Task brief >> From the first line down to the one containing "2019新款潮牌男黑白条纹纯棉短袖T恤潮流夏大码全棉宽松韩版丅血", reproduce the entries below exactly and leave out the pictures.

Raw data >>
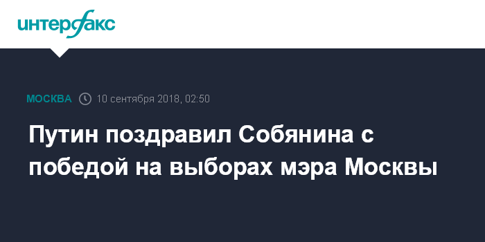 Москва. 10 сентября. INTERFAX.RU - Президент РФ Владимир Путин поздравил Сергея Собянина с победой на выборах мэра столицы.
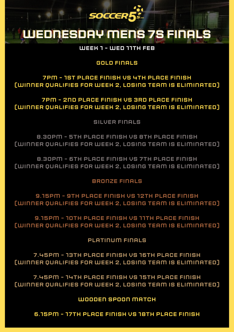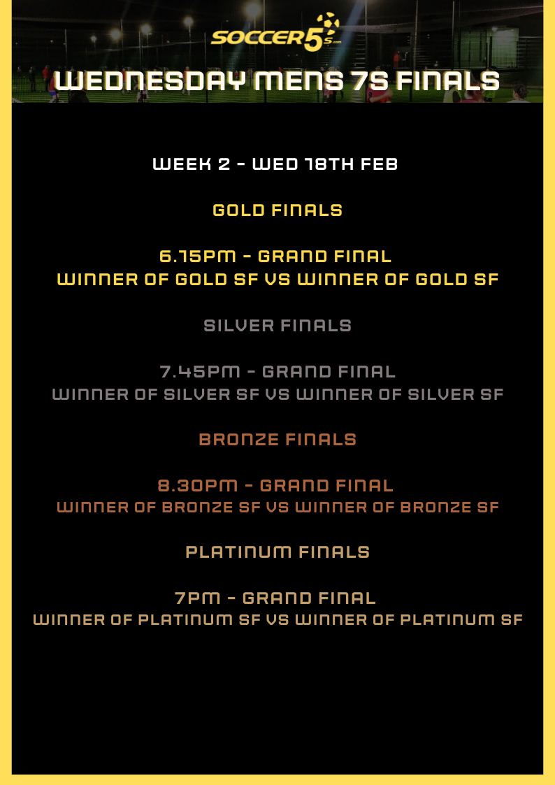 FINALS ARE HERE! Your position in finals will be decided on by your final position in the league. Finals begin Weds 11th Feb and below is an outline of how the finals for your competition will work. Please note the finals may change if any teams are unable to attend - if you are unable to attend the finals please text us on 0407614250 so we can adjust the draw to allow finals to run smoothly in advance.
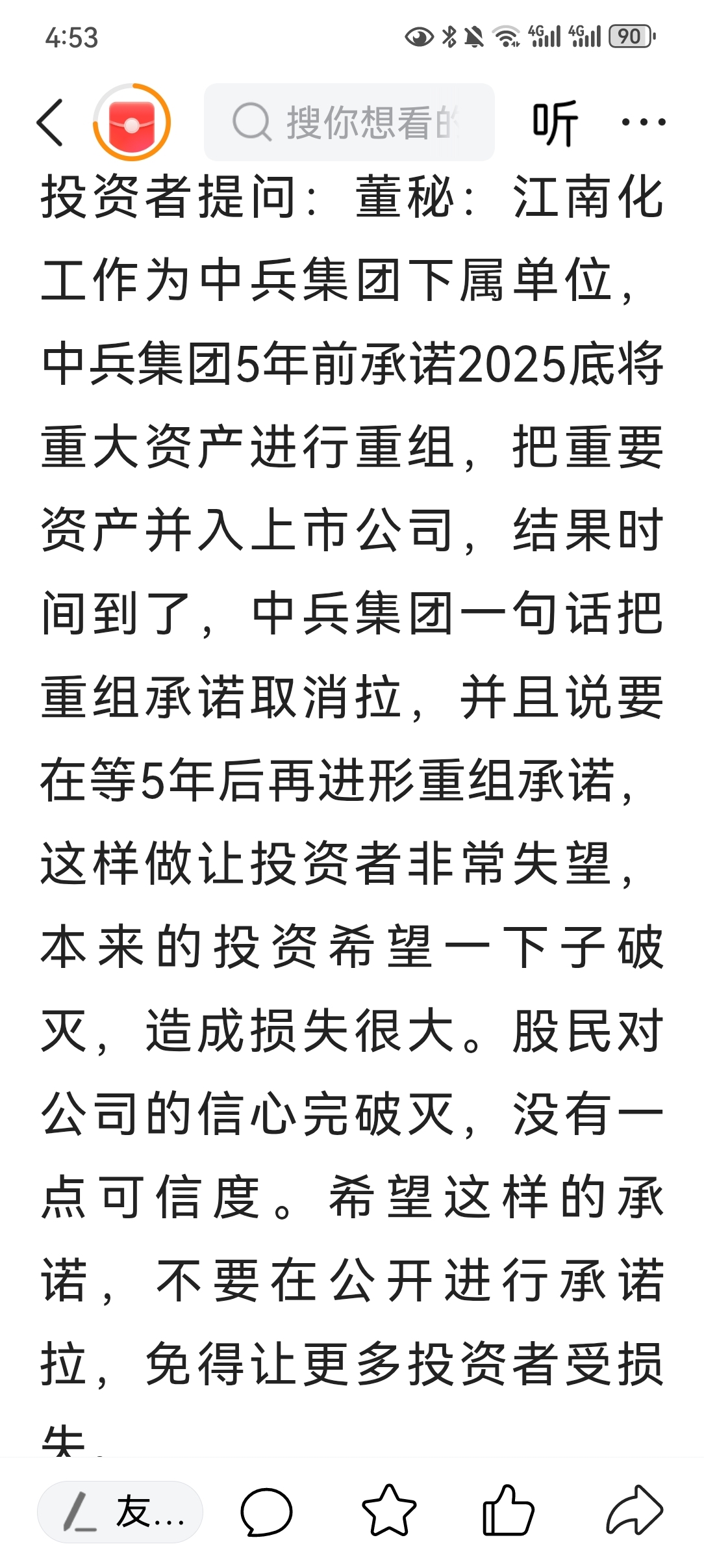 $航天机电(SH600151)$ 江南化工,5年前发出跟航天鸡店一样的公告,承诺2025年前完成资产注入,结果是让在等5年,伤了多少股民的心,同样的背靠央企,资产重组不确定性太多
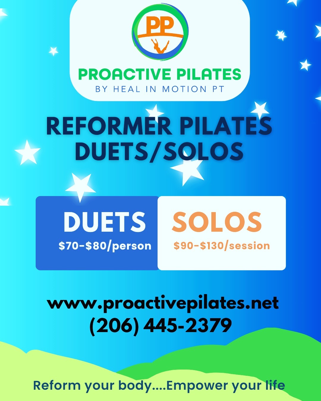 Pilates services are offered in partnership with Proactive Pilates. Therapeutic Pilates may be integrated into care plans at Heal in Motion PT, with additional Pilates classes and offerings available through ProactivePilates.net.
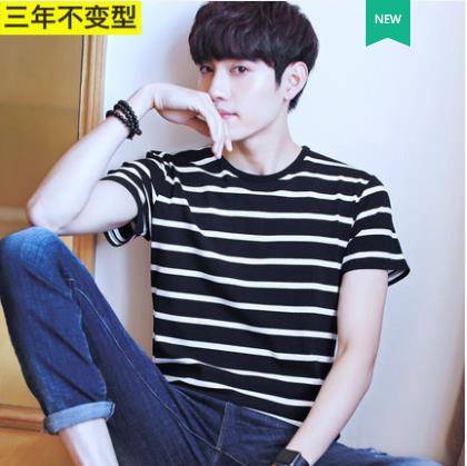 2019新款潮牌男黑白条纹纯棉短袖T恤潮流夏大码全棉宽松韩版丅血
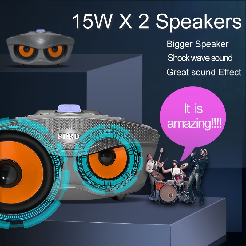 Feature:-Play music -Battery: Yes-Smart Personal Assistant: None-Channels:2 (2.0)-Cabinet Material: Plastic-Communication: AUX, Bluetooth/ USB Drive-Power source: battery, -AC Output power:20W -Support memory card: Yes-Support APP: No.-Built-in microphone: Yes-Frequency range:100Hz-18KHz-PMPO:20W-Audio Crossover: two way
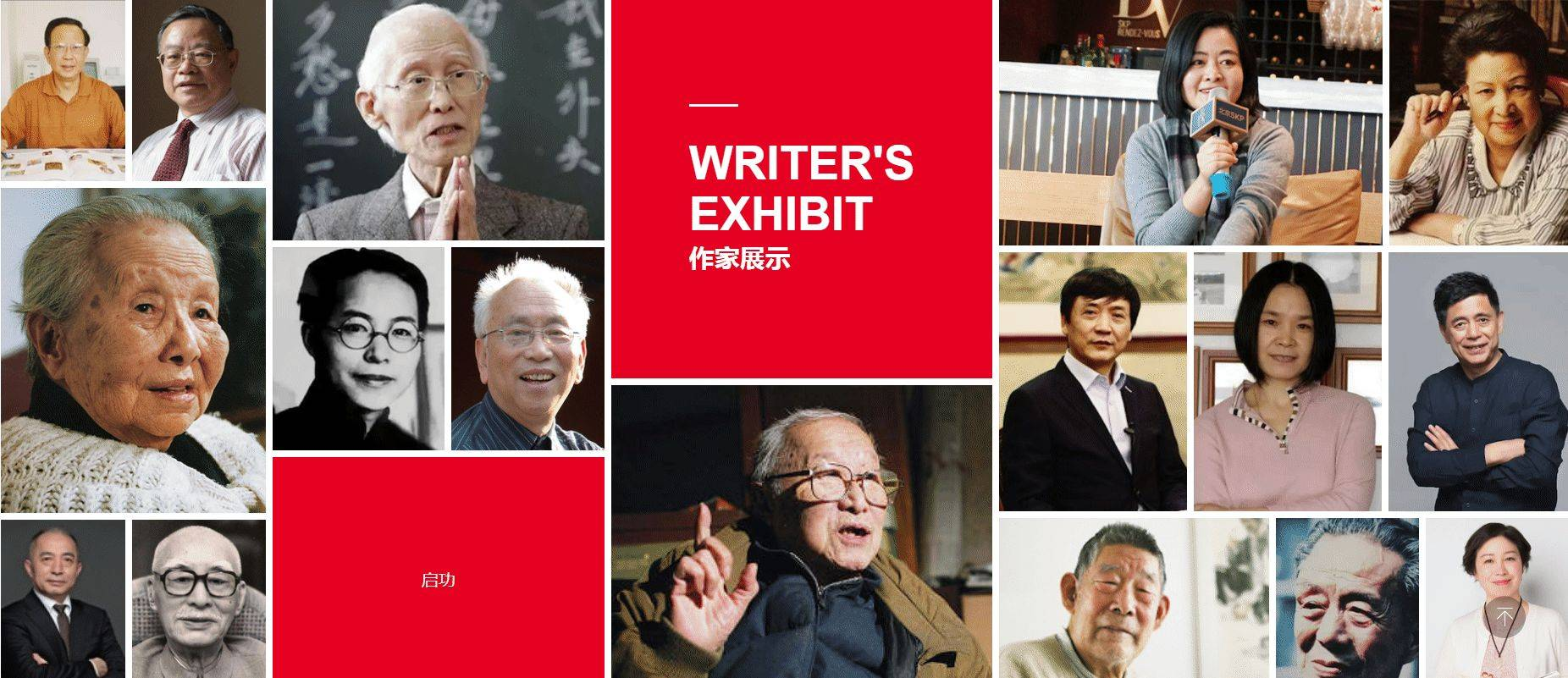 作家展示方式如何實現(xiàn)差極化及感染力,本次作家的展示采用大屏相冊鋪排的形式,結合中國紅,凸顯作家名稱,這些鮮活的色彩讓相對靜態(tài)的網(wǎng)站瞬間活躍了起來。

Solved exercise >>
 Москва. 10 сентября. INTERFAX.RU - Президент РФ Владимир Путин поздравил Сергея Собянина с победой на выборах мэра столицы.
 FINALS ARE HERE! Your position in finals will be decided on by your final position in the league. Finals begin Weds 11th Feb and below is an outline of how the finals for your competition will work. Please note the finals may change if any teams are unable to attend - if you are unable to attend the finals please text us on 0407614250 so we can adjust the draw to allow finals to run smoothly in advance.
 $航天机电(SH600151)$ 江南化工,5年前发出跟航天鸡店一样的公告,承诺2025年前完成资产注入,结果是让在等5年,伤了多少股民的心,同样的背靠央企,资产重组不确定性太多
 Pilates services are offered in partnership with Proactive Pilates. Therapeutic Pilates may be integrated into care plans at Heal in Motion PT, with additional Pilates classes and offerings available through ProactivePilates.net.
 2019新款潮牌男黑白条纹纯棉短袖T恤潮流夏大码全棉宽松韩版丅血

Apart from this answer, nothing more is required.